TEMA

A chuva (ou, O sol).

A muito não vejo o sol, o bolor instala-se impiedoso pelas paredes. Baratas e traças surgem por toda parte. Há dias, minhas roupas no varal, tudo tem cheiro de mofo. A escuridão no horizonte não nos deixa animar, sair, nem pensar, não quero mais me molhar. O resfriado, a gripe, renite. Mas tenho que trabalhar, esta interminável chuva terei que enfrentar. O vento é seu aliado perverso, torna o guarda-chuva peça inútil, que só faz mais nos judiar. A água que escorre pelo pescoço, causando um ruim arrepio, indicio de piora do resfriado. As mais diversas formas de poças, os pés molhados por dentro do calçado. Uma neblina espessa, assustadora, apresenta-se mais adiante. E o ar condicionado do ambiente de trabalho espera para secar-me.

Ah! O sol! Como se fosse o Deus supremo no juízo final, abre passagem por entre as nuvens espessas e escuras, eliminando-as com vigorosos golpes de calor.
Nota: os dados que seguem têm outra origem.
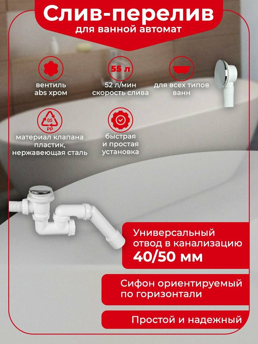 Отзывы на Слив-перелив для ванной Wirquin клик клак, автомат, L700 мм, с жестким патрубком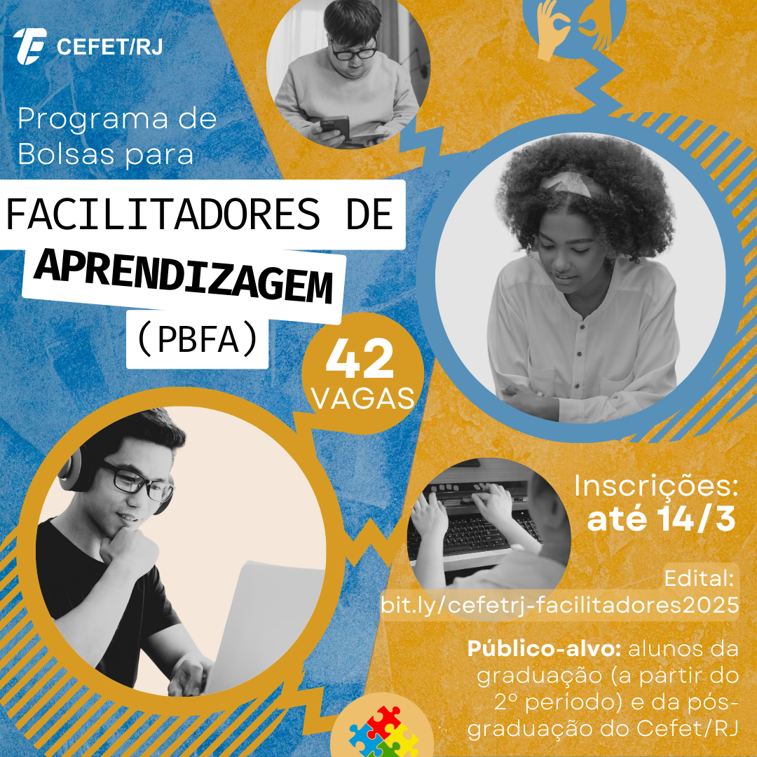 A Diretoria de Ensino (DIREN) do Cefet/RJ divulgou, nesta segunda-feira (10), as inscrições para estudantes interessados em participar do Programa de Bolsas para Facilitadores de Aprendizagem (PBFA). A iniciativa tem como objetivo acompanhar alunos com deficiência e/ou transtorno de aprendizagem na realização de atividades pedagógicas e na interação com o professor. Ao todo, são ofertadas 42 vagas imediatas, distribuídas entre todas as unidades da instituição, além da formação de um cadastro de reserva. Os candidatos devem preencher o formulário disponível no link https://forms.office.com/r/qLLJ6HK31M até o dia 14 de março e seguir as orientações do edital.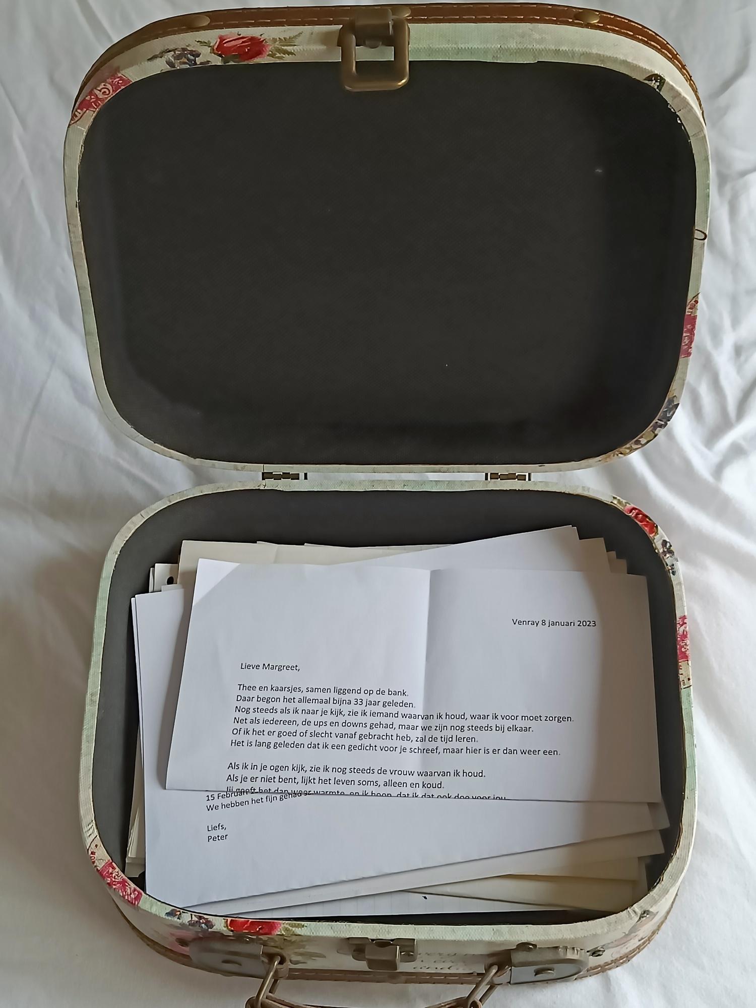 Tussen al de boeken, op onze slaapkamer stond dit koffertje, en Margreet heeft daarin alle briefjes, die ik geschreven heb, die ze de moeite van het bewaren waard vond, bewaard.

Brilha violentamente refletindo sobre as águas empoçadas pelo chão limpo e escurecido. Eleva-se uma nuvem de fumaça partindo do asfalto, é a água, que sob ordens do sol, parte para seu reino de umidade a desaguar n'outro lugar. Assim as nuvens caminham apressadas, dando lugar ao gostoso e ansiado calor. Ele brilha renovado, e todos querem sair para cumprimentá-lo. Os bares, lugares, fervem de gente animada. As janelas de meu quarto podem ser reabertas, e os cômodos de minha casa voltam a ser claros. Saio a caminhar para apreciar o infinito horizonte.
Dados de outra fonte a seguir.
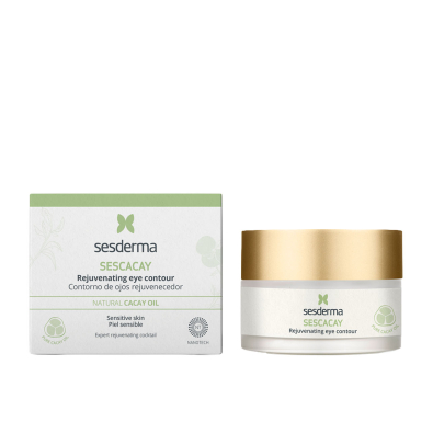 O Sesderma Sescacay Contorno de Olhos Rejuvenescedor hidrata, acalma e regenera a zona delicada do contorno ocular, atuando sobre olheiras, papos, rugas e flacidez. Com óleo de cacay, HP retinoato, silício orgânico, péptidos, fator de crescimento EGF, campanediol e pinanediol, promove firmeza, elasticidade e conforto diário da pele sensível.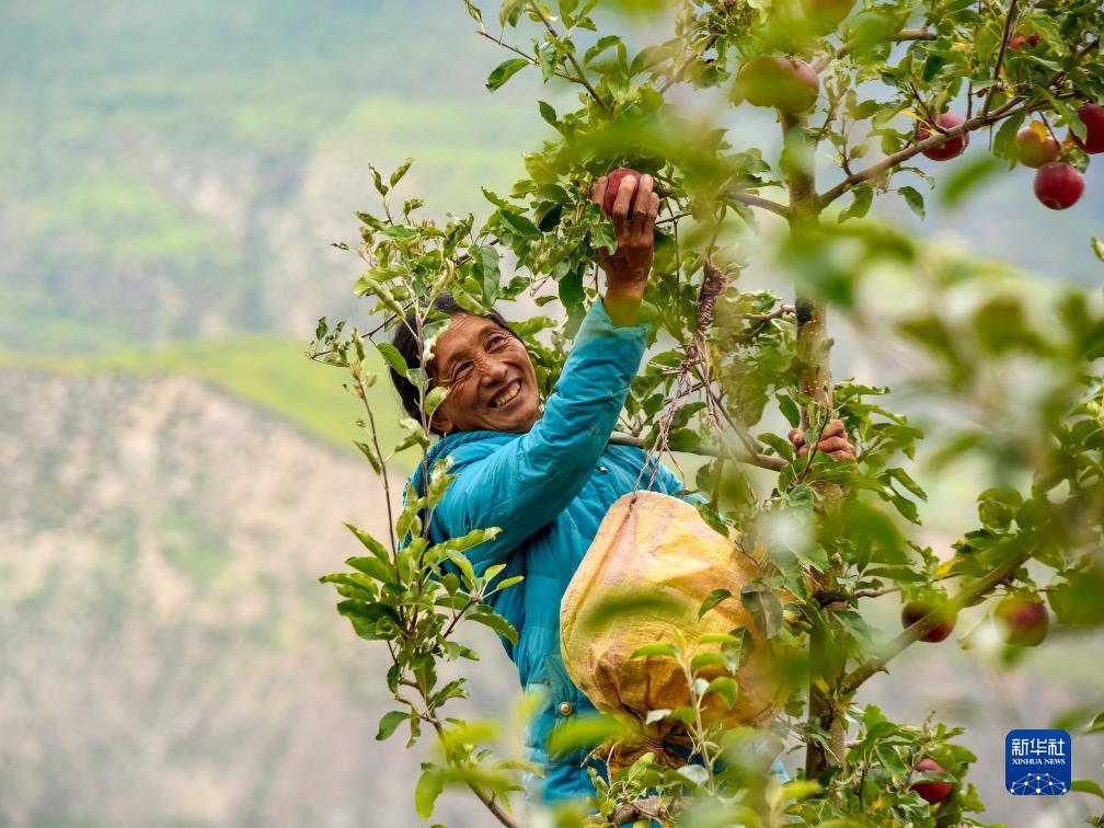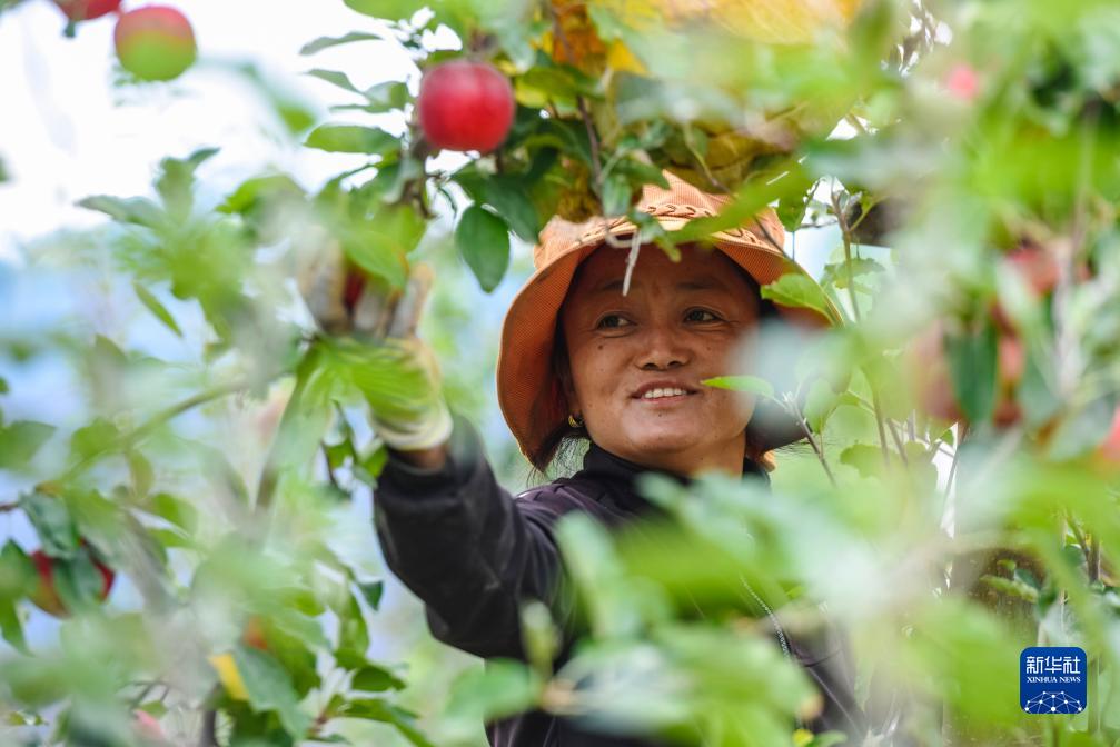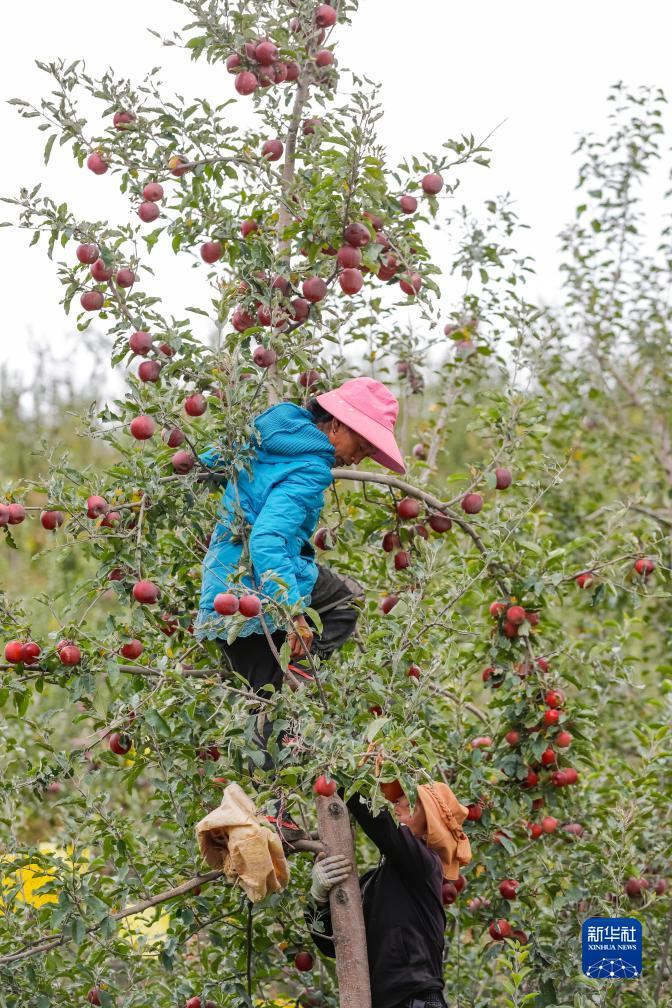 10月13日,在鄉(xiāng)城縣“蘋果+藏豬”種養(yǎng)循環(huán)現(xiàn)代農(nóng)業(yè)園區(qū)內(nèi)的有機(jī)蘋果種植示范基地,當(dāng)?shù)夭刈迦罕姴烧O果。新華社記者 沈伯韓 攝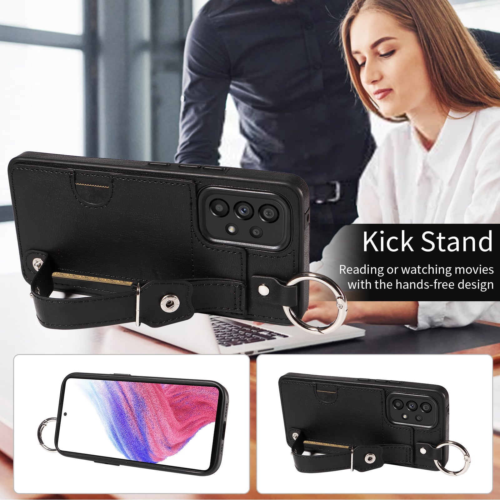 - The wristband can be used as a kickstand for hands-free watching

Forte e ardente é o calor que emana da terra seca. A superfície onde piso, já transformada em pó leve e fino pela ausência da umidade, sobe com o pisar de minhas botas já amarronzadas, e entram pelas narinas causando leve asfixia. O suor escorre quente e vaporoso pela minha fronte ressecada, tão qual o território que vislumbro à minha frente. A caminhada torna-se longa e as imagens distorcem-se a beira do asfalto. A sola do pé arde e as meias não impedem a entrada do fino pó que causa fricção e consequente irritação na pele. Mas sigo, ofegante. Defronte a um sol que brilha veemente e impede o vislumbrar do horizonte.

Primeiro tímida, depois suave, e por fim, intensa. A chuva vem para alivio da natureza, para alegria dos passarinhos, e lava os telhados, os carros, a alma. Dá vontade de ficar nela, envolto em seus carinhos umidificantes. Matar a saudade do que a muito não se via, quase não se lembrava como era. O seu cheiro de terra, e água, e ar. Tenho que abrir as janelas, deixar este aroma entrar. Pulverizar a secura instalada em meu viver, umedecer as articulações do corpo, das coisas, da mente. Saio mais cedo para poder sentir seus pingos sobre meu corpo. Mal vejo sua cortina, tal qual um chuveiro ligado a meia força. Goteja em meus olhos com o frescor do renascer.